What was in the French letter that Colonel Finch-Potter nudged over his penis at half past eight the following night had certainly kept. He was vaguely aware that the contraceptive felt more slippery than usual when he took it out of the box but the full effect of the oven cleaner made itself felt when he had got it three-quarters on and was nursing the rubber ring right down to achieve maximum protection from syphilis. The next moment all fear of that contagious disease had fled his mind and far from trying to get the thing on he was struggling to get the fucking thing off as quickly as possible and before irremediable damage had been done. He was unsuccessful. Not only was the contraceptive slippery but the oven cleaner was living up to its maker’s claim to be able to remove grease baked on to the interior of a stove like
lightning. With a scream of agony Colonel Finch-Potter gave up his manual efforts to get the contraceptive off before what felt like galloping leprosy took its fearful toll and dashed towards the bathroom in search of a pair of scissors. Behind him the Scarlet Woman watched with growing apprehension, and when, after demonically hurling the contents of the medicine cabinet on to the floor, the Colonel still screaming found his nail scissors, she intervened.
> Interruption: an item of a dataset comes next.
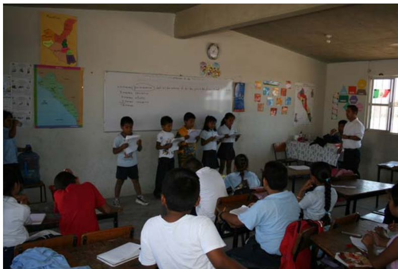
Foto no. 9 Contando chistes

Organicé al grupo en equipos de 5 niños. Cada integrante escribiría un chiste, posteriormente los miembros de su mesa clasificarían a cada uno, del más chistoso hasta el que no hacía reír. Posteriormente, se elegiría a un miembro de la mesa para que leyera el chiste ganador.

‘No, no, you mustn’t,’ she cried in the mistaken belief that the Colonel’s guilt had got the better of him and that he was about to castrate himself, ‘for my sake you mustn’t.’ She dragged the scissors from his hand while the Colonel, had he been able to speak, would have explained that for her sake he must. Instead, gyrating like some demented dervish, he dragged at the contraceptive and its contents with a mania that suggested he was trying to disembowel himself. Next door but one the Pettigrews, now quite accustomed to things that went bump in the night, ignored his pleas for help before he burst. That they were mingled with the screams of the Scarlet Woman didn’t surprise them in the least. After the Racemes’ disgusting display of perversion they were prepared for anything. Not so the police at the end of the road. As their car screeched to a halt outside Number 10 and they were bundled out to the scene of the latest crime they were met by the bull-terrier.

It was not the amiable beast it had been previously; it was not even the ferocious beast that had bitten Mr
O’Brain and clung to him up his lattice-work; it was an entirely new species of beast, one filled to the brim with LSD by Lockhart and harbouring psychedelic visions of primeval ferocity in which policemen were panthers and even fence posts held a menace. Certainly the bull-terrier did. Gnashing its teeth, it bit the first three policemen out of the panda car before they could get back into it, then the gatepost, broke a tooth on the Colonel’s Humber, sank its fangs into the police car’s front radial tyre to such effect that it was knocked off its feet by the blow-out while simultaneously rendering their escape impossible, and went snarling off into the night in search of fresh victims.

It found them aplenty. Mr and Mrs Lowry had taken to sleeping downstairs since the explosion of Mr O’Brain’s Bauhaus next door and the new explosion of the blown-out tyre brought them into the garden. Colonel Finch-Potter’s illuminated bull-terrier found them there and, having bitten them both to the bone and driven them back into the house, had severed three rose bushes at the stem with total disregard for their thorns. If anything it felt provoked by creatures that bit back and was in no mood to trifle when the ambulance summoned by Jessica finally arrived. The bull-terrier had once travelled in that ambulance with Mr O’Brain and residual memories flickered in its flaming head. It regarded that ambulance as an offence against Nature and with all the impulsion of a dwarf rhinoceros put its head down and charged across the road. In the mistaken
belief that it was the Pettigrews at Number 6 who needed their attention the ambulancemen had stopped outside their house. They didn’t stop long. The pink-eyed creature that knocked the first attendant over, bit the second and hurled itself at the throat of the third, fortunately missing and disappearing over the man’s shoulder, drove them to take shelter in their vehicle, and ignoring the plight of Mr and Mrs Lowry, three policemen and the Colonel whose screams had somewhat subsided as he slashed at his penis with a breadknife in the kitchen, the ambulancemen drove themselves as rapidly as possible to hospital.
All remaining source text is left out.